Thursday, August 27, 2009

The Story we Believe

Scot McKnight has been doing a series on David Bentley Hart's Atheist Delusions: The Christian Revolution and Its Fashionable Enemies.

Hart, a historian, argues that we tell a false story when we posit progress from the supposed darkness, violence, ignorance and superstition of the Middle Ages to an "enlightened" modern age. He argues that it simply shows a poor understanding of history to say we are "vastly more enlightened than those ... brutes who slouched through the swamps of medieval fanaticism ..." We've created a mythology of a "dark ages" of religious superstition which falsely bolsters our own claims to rational, intellectual and moral superiority. In this (false) story, getting rid of religious faith is a positive move that allows us to progress unhindered towards a juster, more humane society. This story, Hart says, buttresses the claims of the New Atheists that religion gets in the way of the good life. However, Hart maintains, the Middle Ages was more intellectually sophisticated, humane and non-violent than we give it credit for and the modern age more riddled with irrationality, inhumanity and violence than we like to admit.

Hart's challenge to the Story of Progress resonates with me for several reason. In brief, I was very much taught the Story of Progress in school. I was taught, for example, that poor Galileo was the victim of a backwards church that persecuted him on the basis of blind faith. The Church stood as an obstacle to enlightenment. Superstition once reigned and kept people poor and oppressed until science and reason triumphed, bringing us the good life. Science and faith were always locked in combat-- and thank goodness science and reason won. This message, one way or another, was repeated over and over again in my schooling. I believed it -- why wouldn't I?--until I awakened and started saying, hey, wait a minute .... Galileo was a sacrifice to politics, not a victim of a Church incapable of understanding the that Bible could be metaphoric. The Church was not ignorant --in fact, it was quite savvy. I began to actually read Medieval theologians and to realize that these people were as smart --or possibly smarter --than we are today.
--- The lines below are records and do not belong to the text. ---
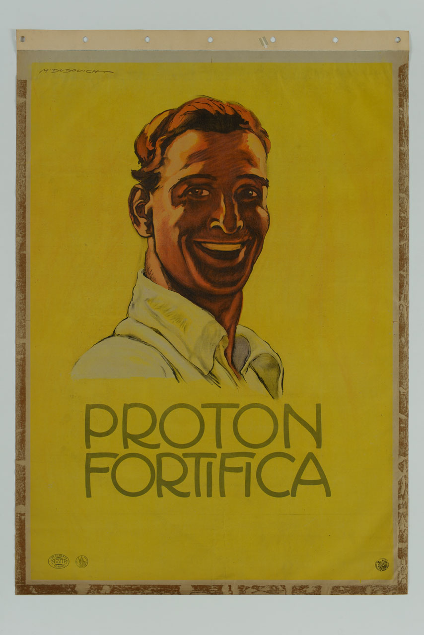 Lettura iconografica: figura maschile; viso; sorriso; ritratto. Categoria merceologica/ tipo evento: industria farmaceutica; medicinali; ricostituente. Nomi: Proton. Luoghi: Torino; Pirerolo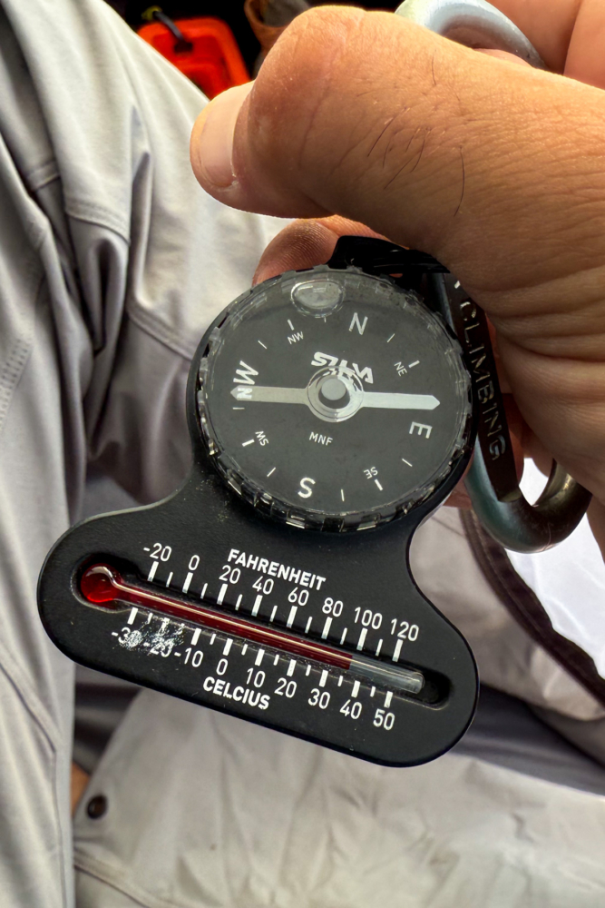 Partially frozen and finally ready to set up camp at Brock Lake, we discover a historical tent ring. It feels remarkable to find the ring after choosing the spot purely on sight from afar. Settling into my tent, I notice my Zoleo reads an incoming 10 cm of snow in the forecast, which is a real wake-up call for the coming days. I contact home to let them know of the weather, and an alternate pick-up plan.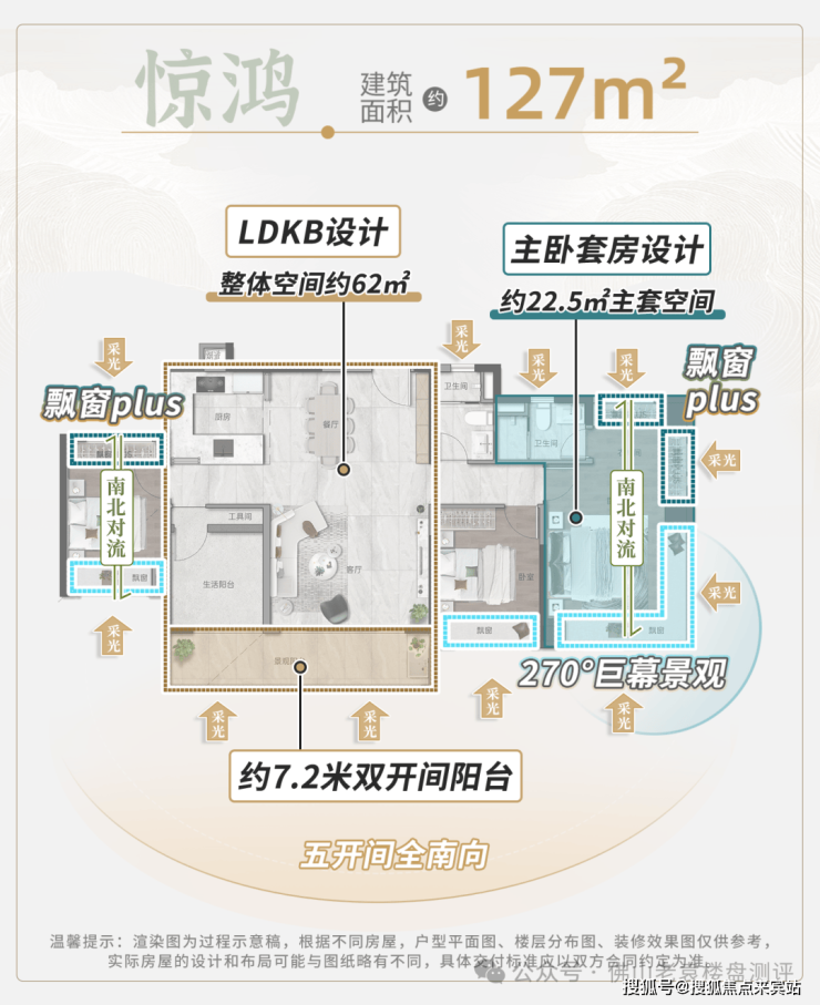 惊鸿|建面约127㎡(2梯3户,南向五开间,全区仅32套):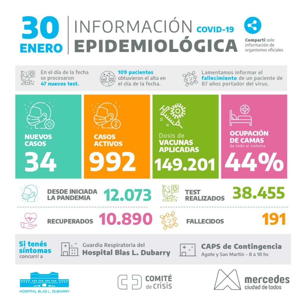 La información oficial brindada por las autoridades sanitarias de Mercedes confirma el fallecimiento de un paciente portador del virus. Asimismo, informan que entre los 47 análisis procesados en el día de la fecha, 34 resultaron positivos.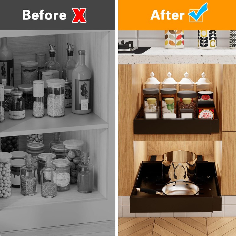 • 【Our Commitment to Your Satisfaction】Organizing your cabinet space just got easier with the slide out cabinet organizer.We pursue the best customer service experience. If you have any questions before purchasing or after receiving the product, please feel free to contact us.Your trust means everything to us, and we are dedicated to ensuring that our pull out cabinet organizer perfectly aligns with and fulfills your unique needs.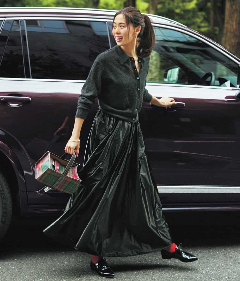 仕事→送迎でのママ友間で馴染むオシャレといえばやっぱり“ほぼ黒”! きちんと見えする衿付きニットは霜がかかったような風合いのグレイッシュなブラック。甘さマイナス、リッチ見えする光沢感のボリュームスカートで今っぽさを。小面積でもスパイスになる赤を効かせて“黒づくめ”とは一線を画すコーデに。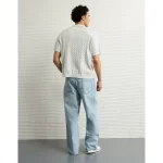 AE Weekend Cable Knit Button-Up Sweater Polo Shirt – Light Heather Gray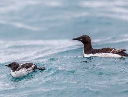 It is here high on the cliffs of Cape Hay that a truly remarkable Arctic leap-of-faith occurs. Two to four weeks after hatching on a precarious ledge, chicks weighing twenty percent of an adult, are called to sea far below them by their fathers, long before they can actually fly. The flightless journey to the sea to join their dad is fraught with danger, as some chicks are dropping to the water from heights hundreds of feet above sea level. Some chicks do not survive the impact with the surface, but those that do will go to sea and be cared for and fed by the male until the chick is independent.

McKnight writes: "Hart examines the connection of science and the demonic to show that they were both ways to deal with elements of life perceived to be powers. A rise in accusations about sorcery and the like is late Medieval or early Modern and not at all characteristic of the bulk of the Medieval age. Those most hostile to sorcery, Hart shows, were often not Christians and connected to state and power and politics -- Thomas Hobbes and Jean Bodin.

Hart's thesis is that this can't be explained simply as Christian power but of the corruption of power, in which Christianity was absorbed. Here's his very insightful and important thesis:

'The long history of Christendom is astonishingly plentiful in magnificent moral, intellectual, and cultural achievements... But it has also been the history of a constant struggle between the power of the gospel to alter and shape society and the power of the state to absorb every useful institution into itself.'

And: "we see that violence increased in proportion to the degree of sovereignty claimed by the state, and that whenever the medieval church surrendered moral authority to secular power, injustice and cruelty flourished" (86).

Medieval society was more peaceful, just and charitable than the imperial society before it and as well as more than the early modern nation state that followed it."

What do you think? Do you think we would view Christianity in a more positive light if we re-examined our narrative about progress? Is Christianity itself inherently a problem or is it a problem when Christianity gets cooped into supporting a nationalistic agenda?